Inspection and maintenance are significant cost drivers to manage and preserve the quality of our nation's transportation systems and infrastructure. Current strategies are based on preventive approaches that do not consider the actual real-time status of a specific structural component. In these approaches, the systems are subject to routine inspections and replacement of components that are scheduled a priori based on a combination of empirical data and numerical predictions of the estimated life. Such approaches are sub-optimal because they may lead to replacement of fully-functional components, on the one hand, and may miss rapidly deteriorating conditions between scheduled inspections, on the other. This research will develop new methods to address both shortcomings by investigating new modeling and monitoring techniques particularly suited and applicable to modern, complex systems. To enable this condition-based monitoring approach, better theoretical and numerical models are needed to simulate the dynamic behavior of complex mechanical systems as well as to produce metrics capable of tracking their status in real-time. This award supports fundamental research to develop mathematical and computational models based on fractional calculus. The methods resulting from this research will be highly useful in application that use imaging and remote sensing in structural, geological, and biological media. The educational part of this project will feature, among its different components, the development of a new course to introduce engineering students to fractional calculus and its applications to modeling of engineering systems.

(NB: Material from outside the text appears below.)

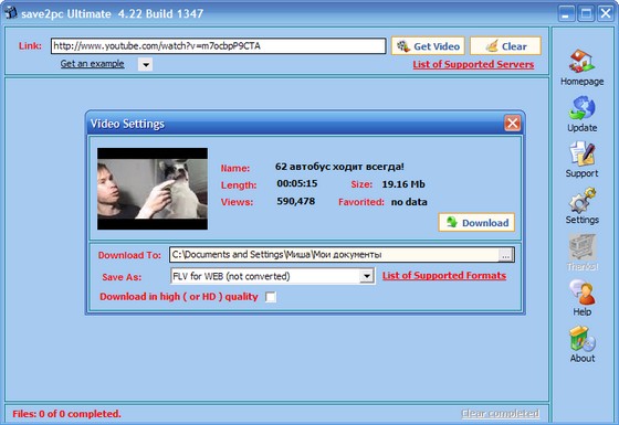save2pc - это крайне простая в использовании утилита, которая позволяет сохранять видео с известного файлового хранилища YouTube и Google Video. Просто вставьте ссылку на нужный файл в окошке программы, укажите папку для сохранения видео, а все остальное save2pc сделает сама, вы же в результате получите интересующий вас .avi, .mpeg, .flvG файл или файл в мобильном формате mov, mp4, 3gp, mp3, wav. В программе возможно просматривать видео без дополнительных кодеков и скачивать нескольких файлов одновременно.

This research will involve a systematic study to determine how fractional-order differential equations will enhance the state-of-the-art in system identification and monitoring. Fractional-order models are a new and useful tool for modeling of complex engineering systems, however they are not yet common in engineering. Their application to structural health monitoring will provide a substantially new approach for damage detection and diagnostics, it will introduce the system order as a new parameter for system assessment, and it will provide highly mathematically structured and concise descriptions of the dynamics of complex systems. More specifically, this work will (1) determine the effect of structural damage on the fractional order of the host system and develop methodologies to account for its impact on the underlying governing equations; (2) use fractional approaches to achieve efficient order reduction, sub-structuring, and inverse problem solutions; (3) develop fractional models for system identification based on purely experimental data; and (4) develop testbeds for experimental validation.
This award reflects NSF's statutory mission and has been deemed worthy of support through evaluation using the Foundation's intellectual merit and broader impacts review criteria.